U.S. Performance Across International Assessments of Student Achievement

How Much Does Performance Within the United States Vary by School Poverty?

As a measure of school poverty, TIMSS asked principals at public schools to report the percentage of students at the school eligible to receive free or reduced-price lunch through the National School Lunch Program. This is a federally assisted meal program that provides nutritionally balanced, low-cost or free lunches to eligible children each school day. TIMSS compares mathematics and science achievement results of students from schools with various poverty levels with the TIMSS scale average and the U.S. national average.

In both mathematics and science, the average score of U.S. 4th-graders in the highest poverty public schools (at least 75 percent of students eligible for free or reduced-price lunch) in 2007 (479 in mathematics and 477 in science) was lower than the TIMSS scale average (500); the average scores of 4th-graders in each of the other categories of school poverty were higher than the TIMSS scale average (data not shown). The average score of U.S. 4th-graders in the lowest poverty public schools (less than 10 percent of students eligible for free or reduced-price lunch) in 2007 (583 in mathematics and 590 in science) was also higher than the U.S. national average (529 in mathematics and 539 in science).
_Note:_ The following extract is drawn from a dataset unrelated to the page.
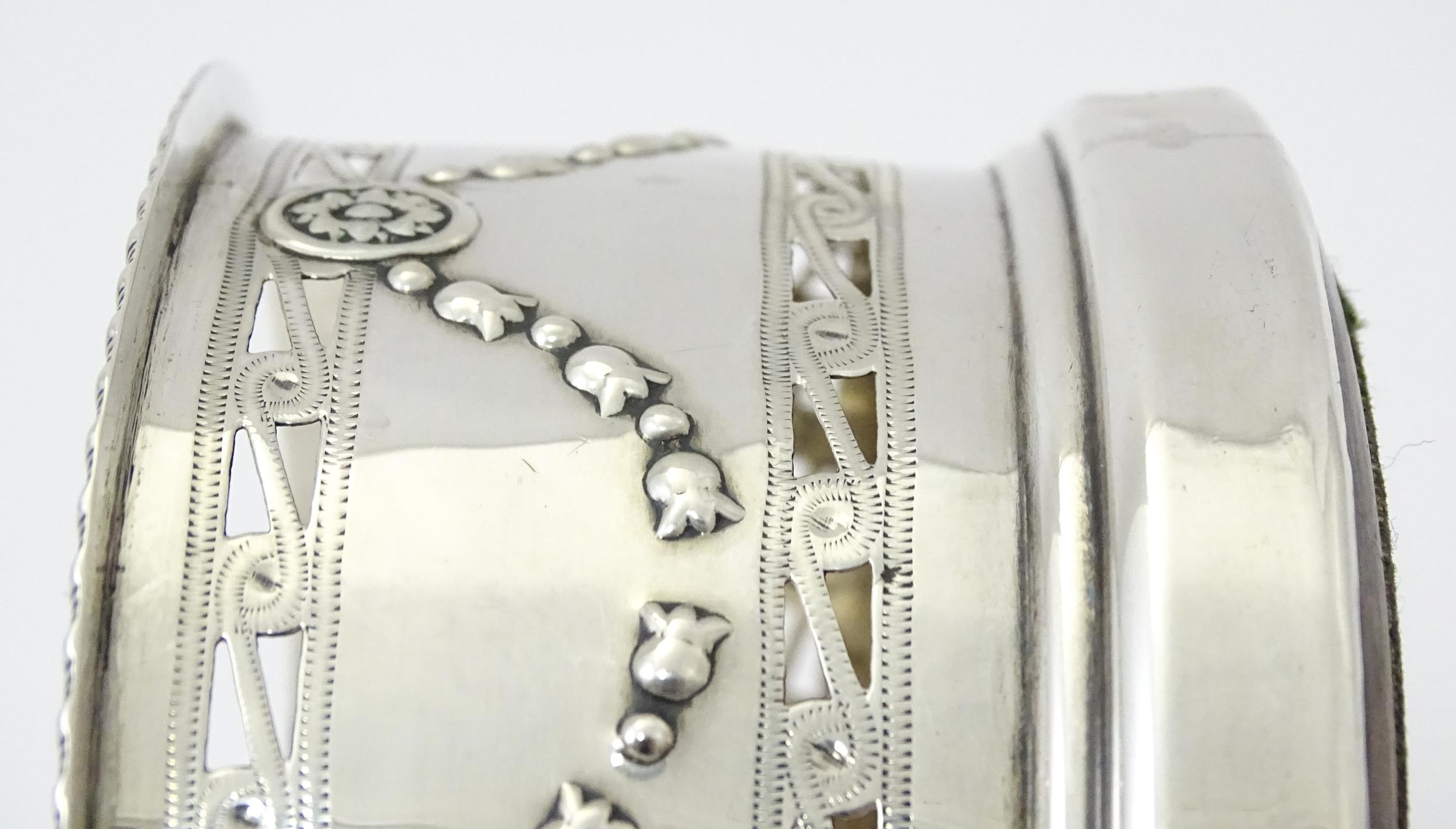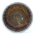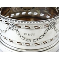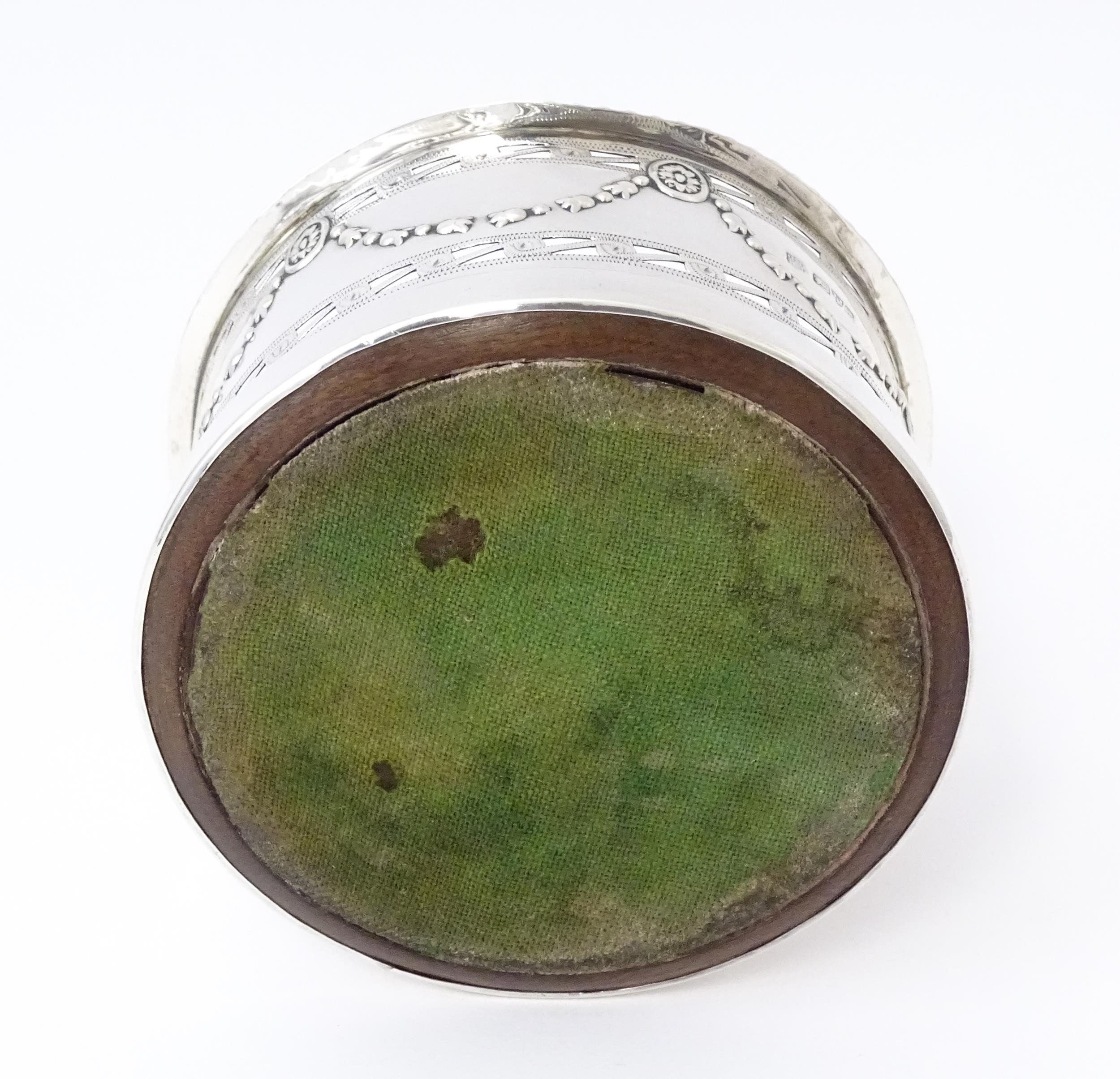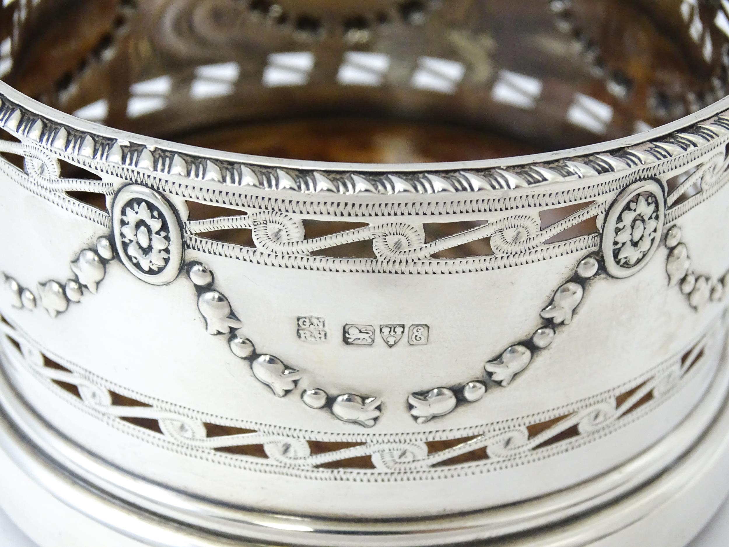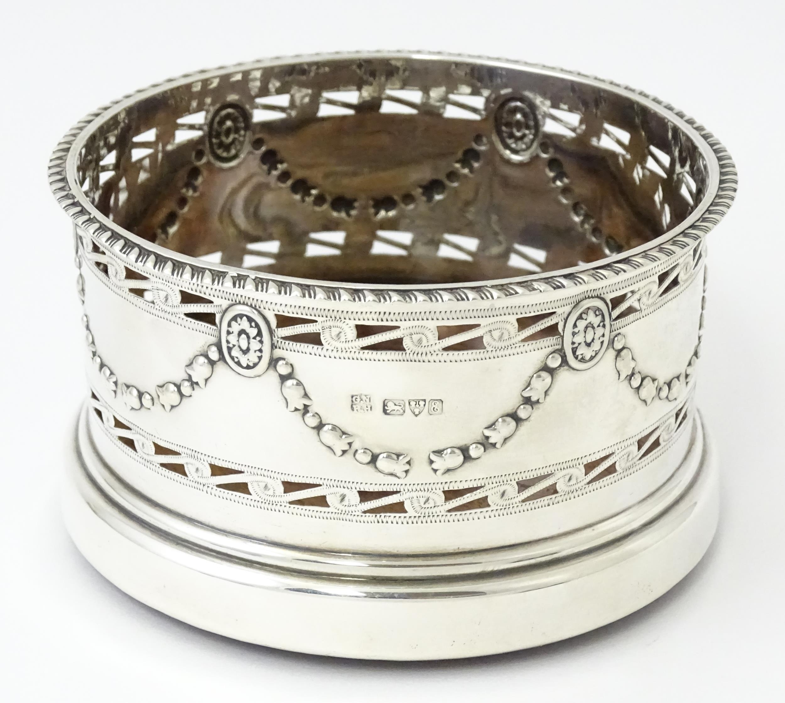 A silver wine coaster with turned wooden base and swag detail, hallmarked Chester 1905, maker George Nathan & Ridley Hayes. Approx. 4 1/4" wide x 2 1/2" high

At 8th grade for both mathematics and science, the average score of U.S. students in the highest poverty public schools in 2007 (465 in mathematics and 466 in science) was lower, on average, than the TIMSS scale average (500) (data not shown). On the other hand, U.S. 8th-graders attending public schools with fewer than 50 percent of students eligible for free or reduced-price lunch scored higher than the TIMSS scale average. The average score of U.S. 8th-graders in the lowest poverty public schools in 2007 (557 in mathematics and 572 in science) was also higher than the U.S. national average (508 in mathematics and 520 in science).